◆ Brief
Among the entries that follow, locate the line with "This hamper is" and the line with "Sep 29, 2024;". Output those lines and all lines in between, exactly, minus the pictures.

◆ Recorded information
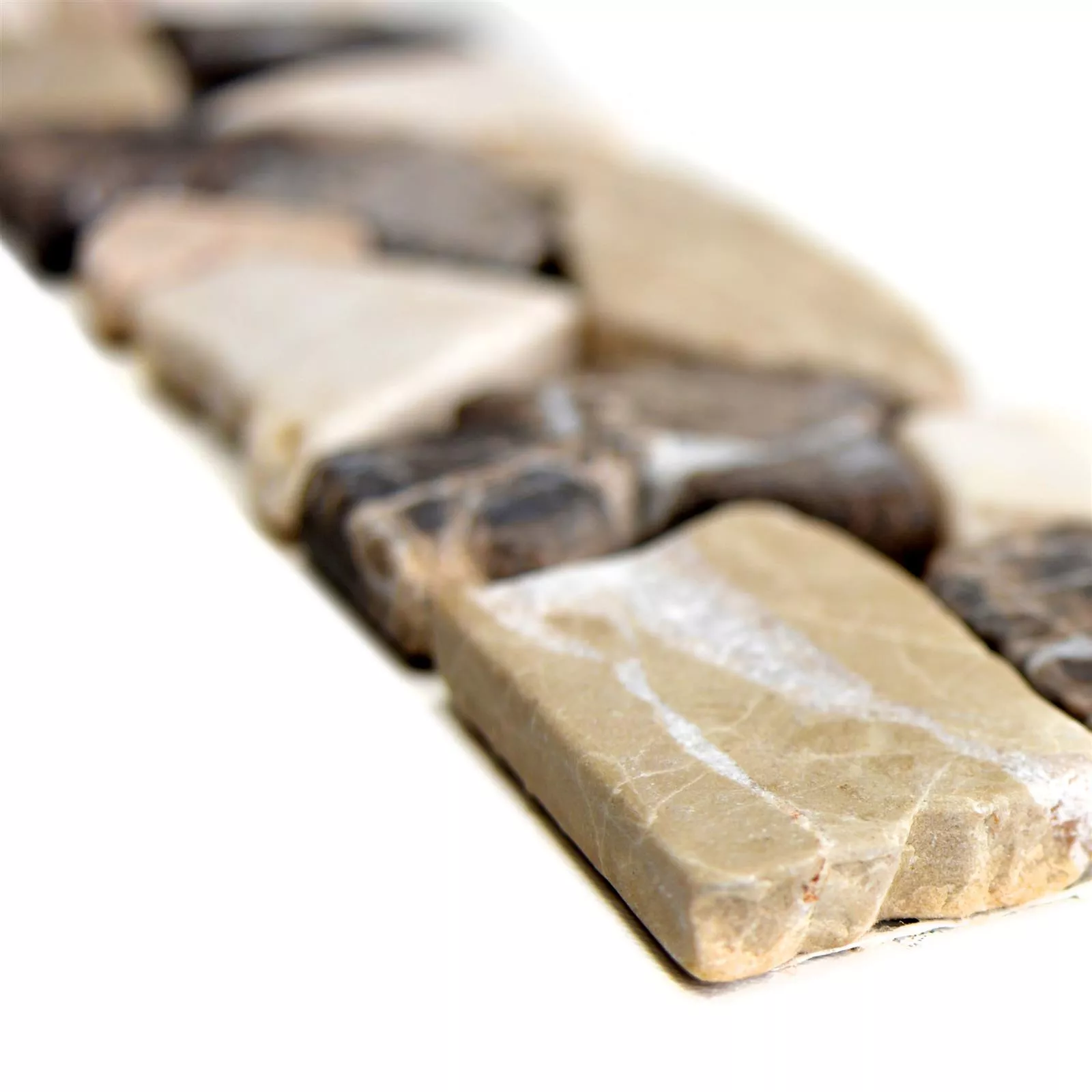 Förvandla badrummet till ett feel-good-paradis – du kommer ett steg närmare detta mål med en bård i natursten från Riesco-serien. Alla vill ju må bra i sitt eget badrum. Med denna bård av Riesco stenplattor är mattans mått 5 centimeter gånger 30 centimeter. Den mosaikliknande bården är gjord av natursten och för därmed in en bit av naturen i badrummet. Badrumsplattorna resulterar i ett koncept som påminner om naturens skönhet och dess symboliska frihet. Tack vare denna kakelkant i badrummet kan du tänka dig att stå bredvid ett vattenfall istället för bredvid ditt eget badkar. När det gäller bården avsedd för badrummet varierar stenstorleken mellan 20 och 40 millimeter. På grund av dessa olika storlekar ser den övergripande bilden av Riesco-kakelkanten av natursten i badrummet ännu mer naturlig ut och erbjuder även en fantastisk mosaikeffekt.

* * *

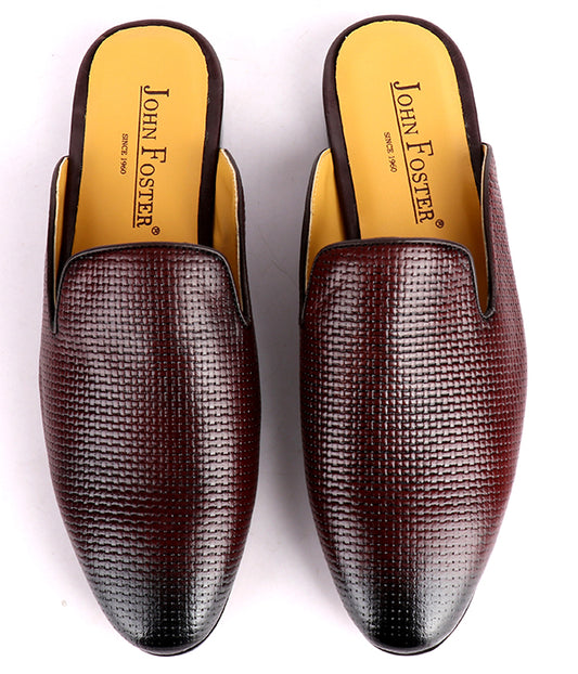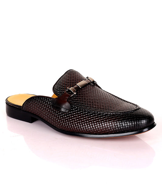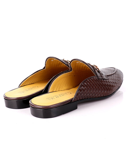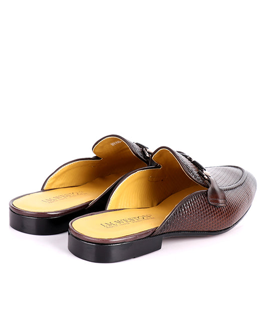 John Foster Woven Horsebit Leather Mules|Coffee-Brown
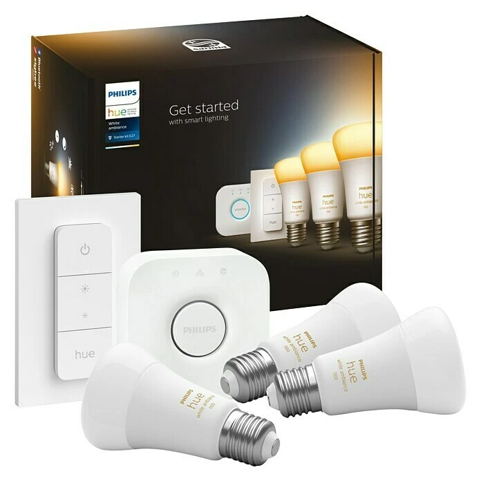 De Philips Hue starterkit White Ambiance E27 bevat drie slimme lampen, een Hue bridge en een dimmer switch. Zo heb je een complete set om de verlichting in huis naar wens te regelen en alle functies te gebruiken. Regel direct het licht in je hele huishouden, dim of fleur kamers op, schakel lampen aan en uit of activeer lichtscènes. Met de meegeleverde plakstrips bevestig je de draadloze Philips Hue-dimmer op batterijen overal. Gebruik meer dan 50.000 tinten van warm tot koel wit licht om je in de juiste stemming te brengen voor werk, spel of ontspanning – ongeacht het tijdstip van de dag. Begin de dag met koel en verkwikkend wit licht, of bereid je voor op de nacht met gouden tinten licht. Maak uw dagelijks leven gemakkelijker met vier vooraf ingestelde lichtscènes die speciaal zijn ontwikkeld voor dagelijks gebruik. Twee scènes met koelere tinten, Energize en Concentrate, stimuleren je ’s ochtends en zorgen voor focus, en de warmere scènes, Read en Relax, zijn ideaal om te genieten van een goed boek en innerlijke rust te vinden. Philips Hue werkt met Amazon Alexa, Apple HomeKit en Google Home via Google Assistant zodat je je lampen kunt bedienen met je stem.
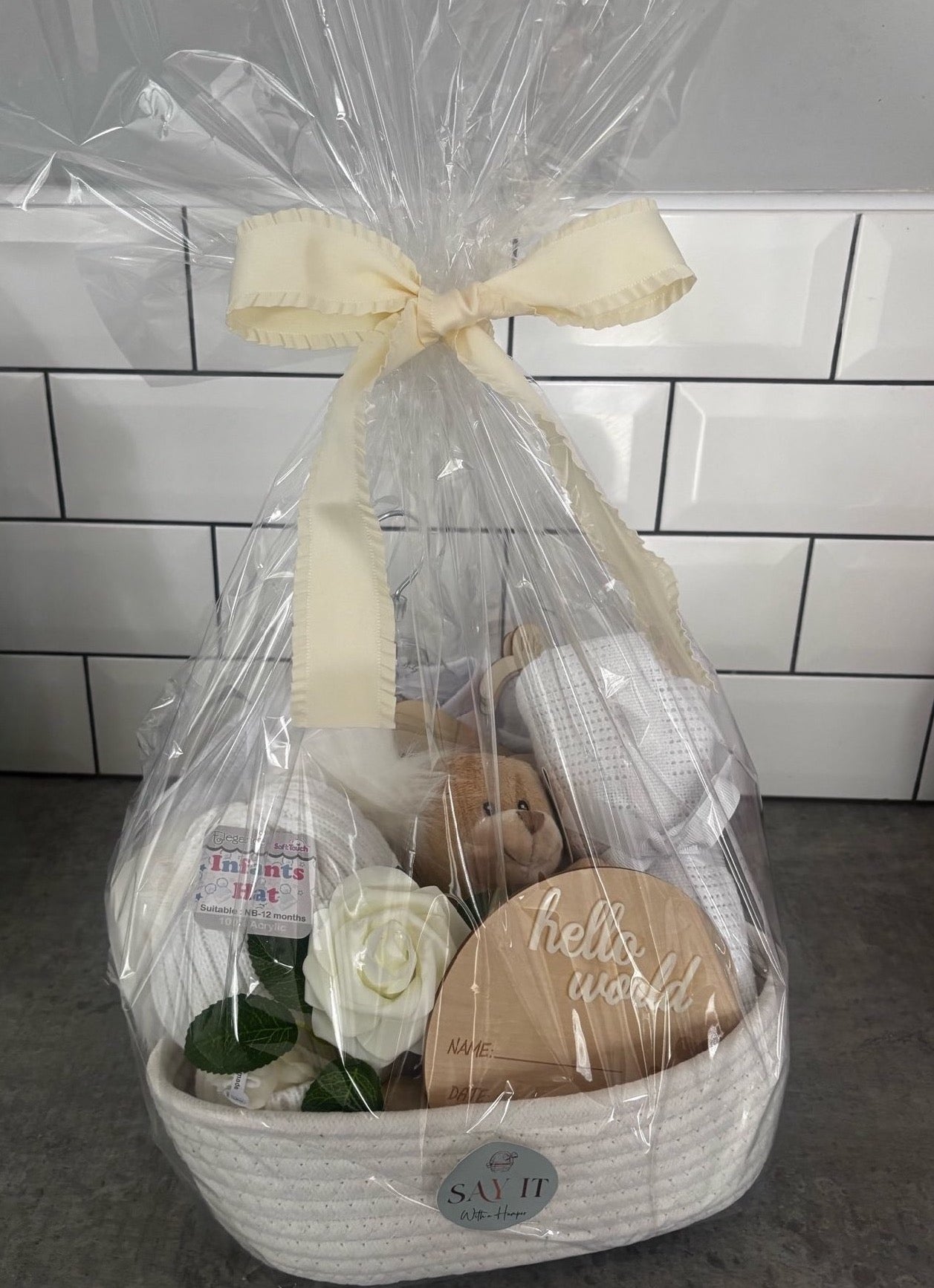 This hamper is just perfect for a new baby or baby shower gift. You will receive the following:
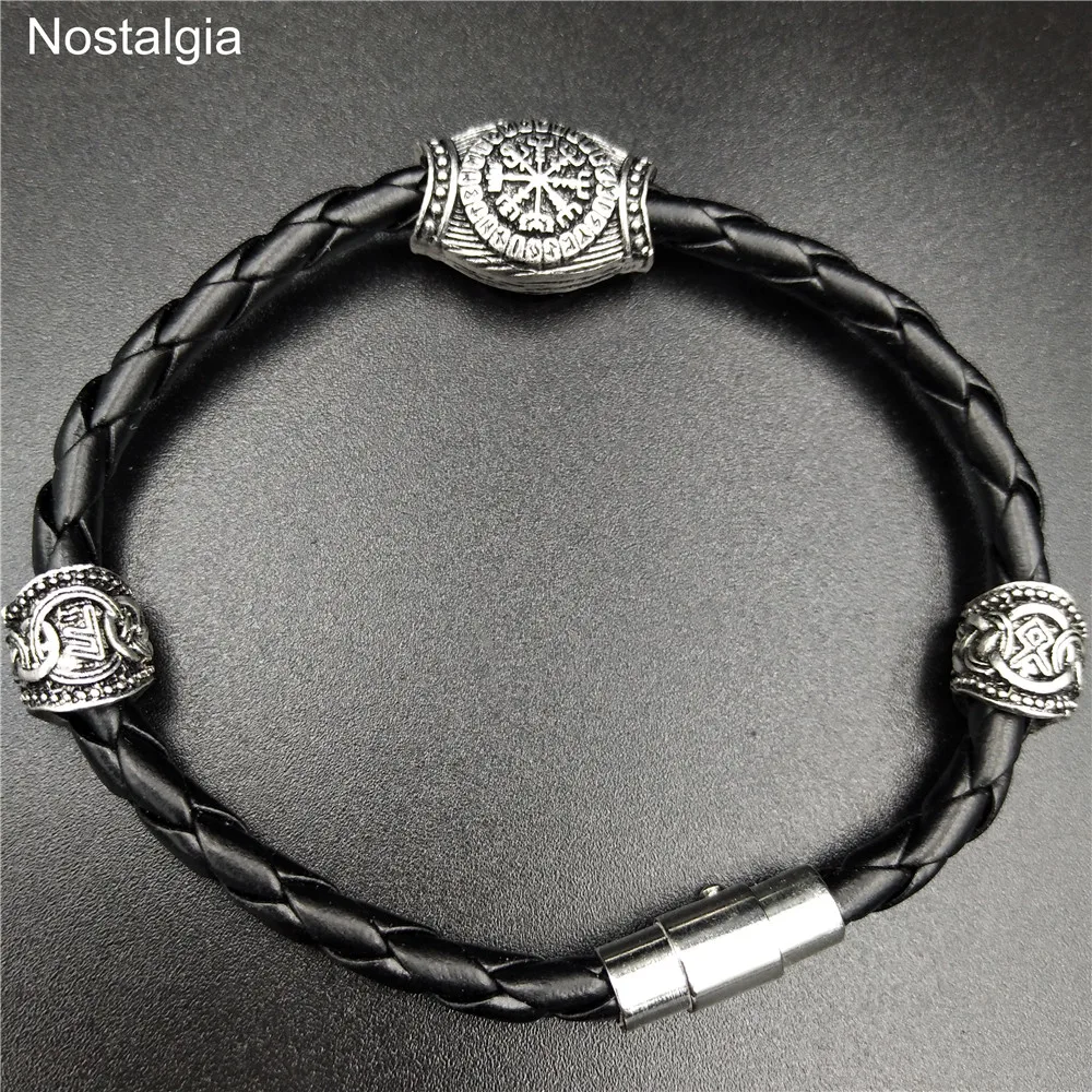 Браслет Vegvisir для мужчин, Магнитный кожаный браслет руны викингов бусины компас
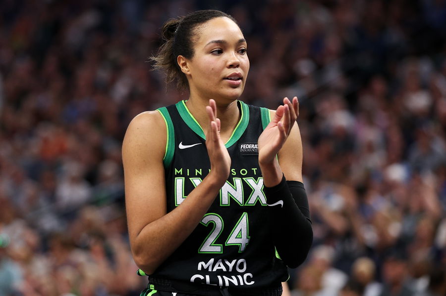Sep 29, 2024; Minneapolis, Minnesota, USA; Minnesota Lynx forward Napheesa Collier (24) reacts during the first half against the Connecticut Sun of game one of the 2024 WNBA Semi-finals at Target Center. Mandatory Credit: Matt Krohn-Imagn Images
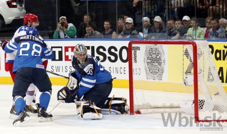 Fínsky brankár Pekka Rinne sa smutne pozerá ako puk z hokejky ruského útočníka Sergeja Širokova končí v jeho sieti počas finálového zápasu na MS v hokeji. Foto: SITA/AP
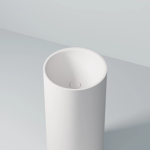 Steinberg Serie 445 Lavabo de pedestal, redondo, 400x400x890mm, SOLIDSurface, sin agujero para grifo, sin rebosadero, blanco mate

◆ Final answer
 This hamper is just perfect for a new baby or baby shower gift. You will receive the following:
 Браслет Vegvisir для мужчин, Магнитный кожаный браслет руны викингов бусины компас
Sep 29, 2024; Minneapolis, Minnesota, USA; Minnesota Lynx forward Napheesa Collier (24) reacts during the first half against the Connecticut Sun of game one of the 2024 WNBA Semi-finals at Target Center. Mandatory Credit: Matt Krohn-Imagn Images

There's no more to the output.